How did economists get it so wrong?

“It,” of course, refers to the widespread failure of economists to sound an alarm about the upheaval that struck a year ago and continues to be felt today.

Writing in the New York Times Magazine, Paul Krugman recently posed that question and answered that “The economics profession went astray because economists, as a group, mistook beauty, clad in impressive-looking mathematics, for truth.” You’ve probably read Krugman’s essay by now, but in case you spent last week on Mars or in Toronto, he argued that the culprit was economists’ romanticized, sanitized version of the market, which led them to turn

…a blind eye to the limitations of human rationality that often lead to bubbles and busts; to the problems of institutions that run amok; to the imperfections of markets — especially financial markets — that can cause the economy’s operating system to undergo sudden, unpredictable crashes; and to the dangers created when regulators don’t believe in regulation.
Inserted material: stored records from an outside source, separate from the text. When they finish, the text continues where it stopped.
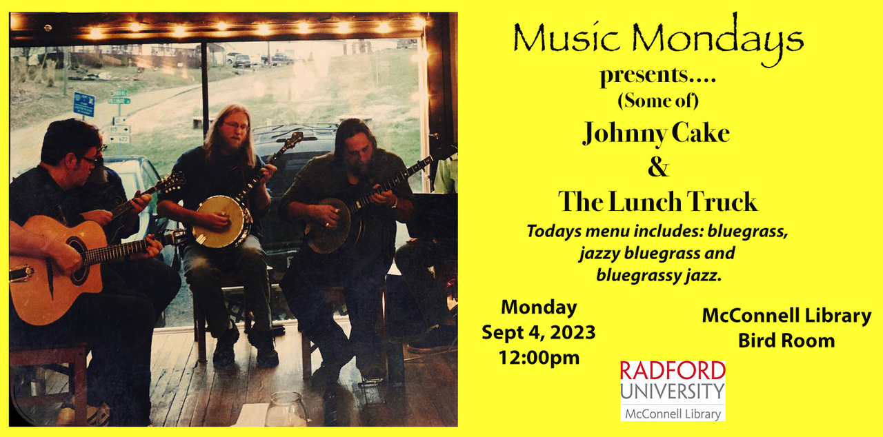 McConnell Library, on the campus of Radford University, continues their Music Mondays series with some of the members of Johnny Cake & The Lunch Truck on Monday, September 4, 2023 inside the Bird Room.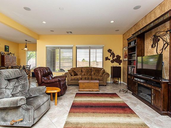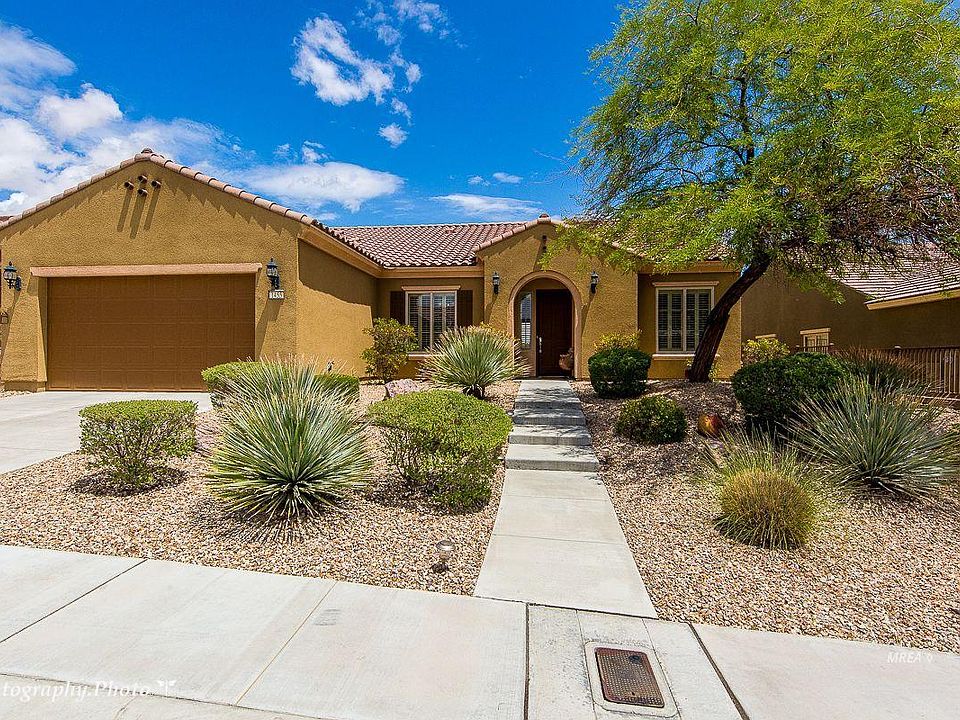 This beautiful Marigold home is located on a quiet cul-de-sac in the tasteful Reunion Valley Village of Sun City Mesquite. Bright and Open Floor Plan with great Mountain Views. Along with 2 Primary/Owner bedrooms, 2 full bathrooms and a 3rd bedroom/office/den, there are upgrades galore, including plantation shutters, Great Room surround sound, custom paint throughout, extended 18" square tile diagonally set and upgraded carpet and pad. Kitchen under cabinet lighting adds ambiance to the granite counter tops, upgraded cabinets and upgraded appliances. Kitchen has an R/O system. Soft water extends throughout the home, the bathrooms feature a cultured Marble tub and Shower and Comfort Height Toilets. Save on energy bills with the Brand New highly efficient 3-Zone heating & air conditioning unit. New Insulated Garage Door. You will appreciate the privacy of your backyard with mountain views and a low maintenance desert landscaped yard. Concrete Pad and 220V power for future hot tub. SIDS PAID IN FULL. Click the Blue Unbranded Tour Link for Video Walk Through.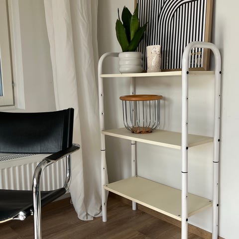 Design shopista hankitut hyllyköt, jotka muunneltavissa oman tarpeen mukaan. Runko valkoista puuta ja siirreltävät hyllyt metallia.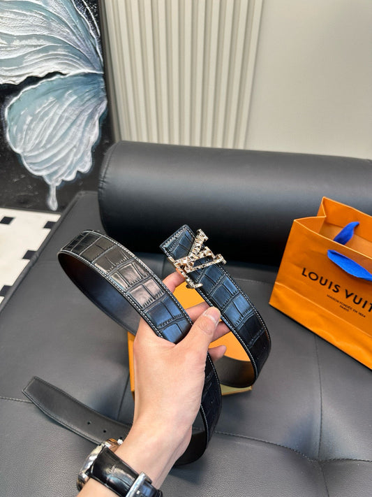 [Luxe]LV Diamond-cut steel buckle with crocodile skin pattern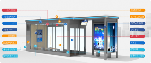 최신 정보 통신 기술을 적용해 실시간 버스도착 안내, 버스접근영상화면 등 대중교통정보를 제공할 뿐만 아니라 공공 무선인터넷, 유무선 휴대폰 충전 등 스마트 생활편의 기능 제공하고 실시간 모니터링 및 관리까지 돼 더욱 효율적으로 버스 승차 대기 장소 운영이 가능하다.

Now, however, comes a different — and more conspiratorial — answer: Economists shy away from criticizing the Fed because they have, in effect, been bought and paid for:

The Federal Reserve, through its extensive network of consultants, visiting scholars, alumni and staff economists, so thoroughly dominates the field of economics that real criticism of the central bank has become a career liability for members of the profession …

That’s the claim of an investigative piece in yesterday’s Huffington Post. I’m not sufficiently acquainted with the inner workings of the economics profession to reach any conclusions about the validity of this interpretation, but it’s an interesting read. Perhaps, too, this episode should spark a new round of thinking about political scientists’ links, financial or otherwise, to political institutions of various sorts?

Comments

“Perhaps, too, this episode should spark a new round of thinking about political scientists’ links, financial or otherwise, to political institutions of various sorts?”

Like a look at the revolving door of federal government officials and Harvard’s Kennedy School of Government?

Larry White made the same claim about the impact of the Fed on economists a few years ago.

Andrew Samwick is puzzled that Krugman thinks the “freshwater” school had much to do with it. As Greg Mankiw has written in his “scientists vs engineers” paper, its only brackish economists that get invited to the big kids table where policy is made.

Greg Mankiw at his blog provides a link to Barry Eichengreen’s “The Last Temptation of Risk” from the May/June 2009 issue of The National Interest that in my view is even tougher than Krugman’s article on economics/economists, without mentioning as many names. Note that Barry is described as a “Professor of Economics and Political Science” at UC, Berkeley. Perhaps that pairing gives Barry a bigger pair.